▶ Given information:
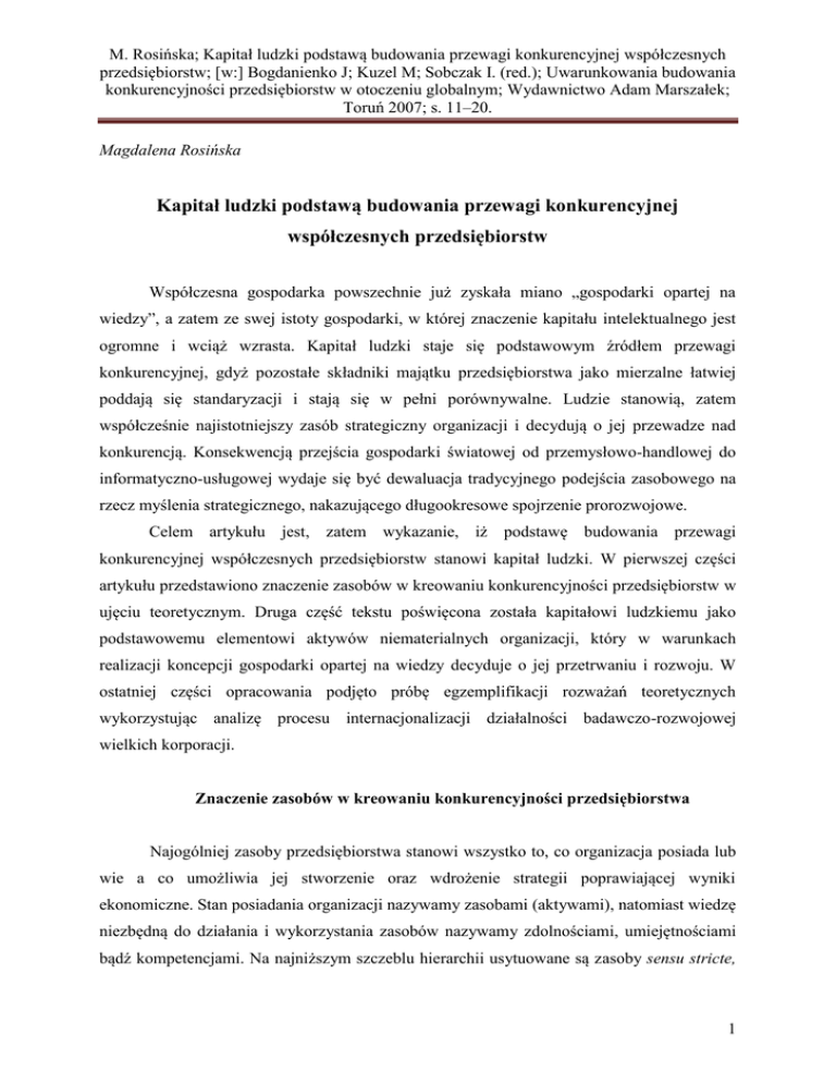 M. Rosińska; Kapitał ludzki podstawą budowania przewagi konkurencyjnej współczesnych przedsiębiorstw; [w:] Bogdanienko J; Kuzel M; Sobczak I. (red.); Uwarunkowania budowania konkurencyjności przedsiębiorstw w otoczeniu globalnym; Wydawnictwo Adam Marszałek; Toruń 2007; s. 11–20. Magdalena Rosińska Kapitał ludzki podstawą budowania przewagi konkurencyjnej współczesnych przedsiębiorstw Współczesna gospodarka powszechnie już zyskała miano „gospodarki opartej na wiedzy”, a zatem ze swej istoty gospodarki, w której znaczenie kapitału intelektualnego jest ogromne i wciąż wzrasta. Kapitał ludzki staje się podstawowym źródłem przewagi konkurencyjnej, gdyż pozostałe składniki majątku przedsiębiorstwa jako mierzalne łatwiej poddają się standaryzacji i stają się w pełni porównywalne. Ludzie stanowią, zatem współcześnie najistotniejszy zasób strategiczny organizacji i decydują o jej przewadze nad konkurencją. Konsekwencją przejścia gospodarki światowej od przemysłowo-handlowej do informatyczno-usługowej wydaje się być dewaluacja tradycyjnego podejścia zasobowego na rzecz myślenia strategicznego, nakazującego długookresowe spojrzenie prorozwojowe. Celem artykułu jest, zatem wykazanie, iż podstawę budowania przewagi konkurencyjnej współczesnych przedsiębiorstw stanowi kapitał ludzki. W pierwszej części artykułu przedstawiono znaczenie zasobów w kreowaniu konkurencyjności przedsiębiorstw w ujęciu teoretycznym. Druga część tekstu poświęcona została kapitałowi ludzkiemu jako podstawowemu elementowi aktywów niematerialnych organizacji, który w warunkach realizacji koncepcji gospodarki opartej na wiedzy decyduje o jej przetrwaniu i rozwoju. W ostatniej części opracowania podjęto próbę egzemplifikacji rozważań teoretycznych wykorzystując analizę procesu internacjonalizacji działalności badawczo-rozwojowej wielkich korporacji. Znaczenie zasobów w kreowaniu konkurencyjności przedsiębiorstwa Najogólniej zasoby przedsiębiorstwa stanowi wszystko to, co organizacja posiada lub wie a co umożliwia jej stworzenie oraz wdrożenie strategii poprawiającej wyniki ekonomiczne. Stan posiadania organizacji nazywamy zasobami (aktywami), natomiast wiedzę niezbędną do działania i wykorzystania zasobów nazywamy zdolnościami, umiejętnościami bądź kompetencjami. Na najniższym szczeblu hierarchii usytuowane są zasoby sensu stricte, 1 M. Rosińska; Kapitał ludzki podstawą budowania przewagi konkurencyjnej współczesnych przedsiębiorstw; [w:] Bogdanienko J; Kuzel M; Sobczak I. (red.); Uwarunkowania budowania konkurencyjności przedsiębiorstw w otoczeniu globalnym; Wydawnictwo Adam Marszałek; Toruń 2007; s. 11–20. czyli czynniki stanowiące wkład do produkcji przekształcany w kolejnych ogniwach kreowania łańcucha wartości. W celu ich zdobycia a następnie utrzymania przedsiębiorstwo ponosi pewne nakłady o charakterze stałym. Przypisuje się im relatywnie najmniejszą wartość. Nobilituje je dopiero przekształcenie w tzw. zasoby strategiczne, które umożliwiają przedsiębiorstwu osiągnięcie szczególnej pozycji, dającej przewagę konkurencyjną. Zasoby strategiczne kreowane są, bowiem dopiero dzięki szeroko rozumianym zdolnościom organizacji (produkcyjnym, sprzedażowym, marketingowym) do wykorzystania zasobów sensu stricte w celu odniesienia sukcesu rynkowego1. Dla zrozumienia istoty tworzenia przewagi konkurencyjnej konieczne wydaje się, zatem rozróżnienie i doprecyzowanie pojęć kompetencji i umiejętności (potocznie używanych wymiennie). Umiejętności to zrutynizowane działania umożliwiające stały wzrost efektywności działań podejmowanych na danym rynku. (D. Collins), opierające się wykorzystaniu kolektywnych i wielofunkcyjnych zdolności organizacyjnych do takiej alokacji zasobów, która pozwala na uzyskiwanie sukcesu rynkowego (G. Stalk, P. Evans, L. Schuman)2. Kompetencje mają natomiast szerszy, bo korporacyjny kontekst. Charakteryzują to, co organizacja „robi dobrze” nie w jednej lub niektórych, lecz we wszystkich sferach swojej działalności. Kompetencje są rezultatem posiadania wielu różnych umiejętności w zakresie różnych działań i procesów3. Wydają się, zatem być wyższą formą umiejętności organizacji, starającej się pokazać swoją wyjątkowości lub unikalność. Istotę przewagi konkurencyjnej stanowią jednak tylko, tzw. kluczowe kompetencje a zatem kombinacja unikalnych umiejętności pozwalających przedsiębiorstwu uzyskać długookresowe efekty synergiczne a w konsekwencji możliwości dywersyfikacji działalności w kierunku obszarów pozornie niezwiązanych z jego podstawową działalnością lub nawet uznawanych za mało atrakcyjne. Twórcy koncepcji kluczowych kompetencji (C.K. Prahalad i G. Hamel4) wskazują, iż związane są one ze sferami technologii, produkcji i zarządzania. Stanowią wypadkową różnorodnych umiejętności posiadanych przez poszczególne elementy 1 J. Rokita, Zarządzanie strategiczne: tworzenie i utrzymywanie przewagi konkurencyjnej, PWE, Warszawa 2005 s. 139 2 M. Rybak, Budowanie potencjału konkurencyjności, [w:] M. Rybak (red.); Kapitał ludzki jako źródło konkurencyjności przedsiębiorstw, Poltext, Warszawa 2003, s. 14-15 33 J.Rokita, Zarządzanie strategiczne:..; op. cit. s. 141-144 4 Koncepcję kluczowych kompetencji przedstawili w 1990 r. w swoim artykule: G. Hamel, C.K. Prahalad, The Core Competences of the Corporation, Harvard Business Review, maj-czerwiec1990. (Por.: Z. Pierścionek, Strategie konkurencji i rozwoju przedsiębiorstwa, PWN, Warszawa 2006, s. 224-231) 2 M. Rosińska; Kapitał ludzki podstawą budowania przewagi konkurencyjnej współczesnych przedsiębiorstw; [w:] Bogdanienko J; Kuzel M; Sobczak I. (red.); Uwarunkowania budowania konkurencyjności przedsiębiorstw w otoczeniu globalnym; Wydawnictwo Adam Marszałek; Toruń 2007; s. 11–20. składowe organizacji a ujawni
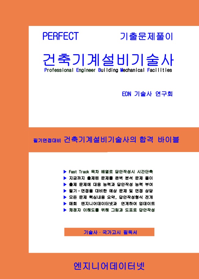 따라서 건축기계설비관련 분야에 종사하는 엔지니어는 자신의 능력과 경쟁력을 갖추어야 미래를 보장받을 수 있으며 행복한 삶을 살아갈 수가 있다. 따라서 PERFECT 건축기계설비기술사(최신판) 서적은 72회(2004년)부터 최근까지 출제된 문제를 분석하고 검토하여 효율적인 준비를 하도록 유도를 하였다. 또한 최근의 출제문제 경향을 보면 새로운 문제가 계속 출제가 되고 있어 새로운 문제에 대한 답안작성 능력을 배양하도록 하였다.
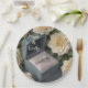 Diese Hochzeitszeitung-Teller verfügen über einen Ring, der von Blume umgeben ist. Die Namen können geändert oder entfernt werden.

▶ Task prompt: Give again, word for word, the lines above from the one with "따라서 건축기계설비관련 분야에" through the final line of the data, both ends included. Do not copy any picture.

▶ Response to the exercise:
 따라서 건축기계설비관련 분야에 종사하는 엔지니어는 자신의 능력과 경쟁력을 갖추어야 미래를 보장받을 수 있으며 행복한 삶을 살아갈 수가 있다. 따라서 PERFECT 건축기계설비기술사(최신판) 서적은 72회(2004년)부터 최근까지 출제된 문제를 분석하고 검토하여 효율적인 준비를 하도록 유도를 하였다. 또한 최근의 출제문제 경향을 보면 새로운 문제가 계속 출제가 되고 있어 새로운 문제에 대한 답안작성 능력을 배양하도록 하였다.
 Diese Hochzeitszeitung-Teller verfügen über einen Ring, der von Blume umgeben ist. Die Namen können geändert oder entfernt werden.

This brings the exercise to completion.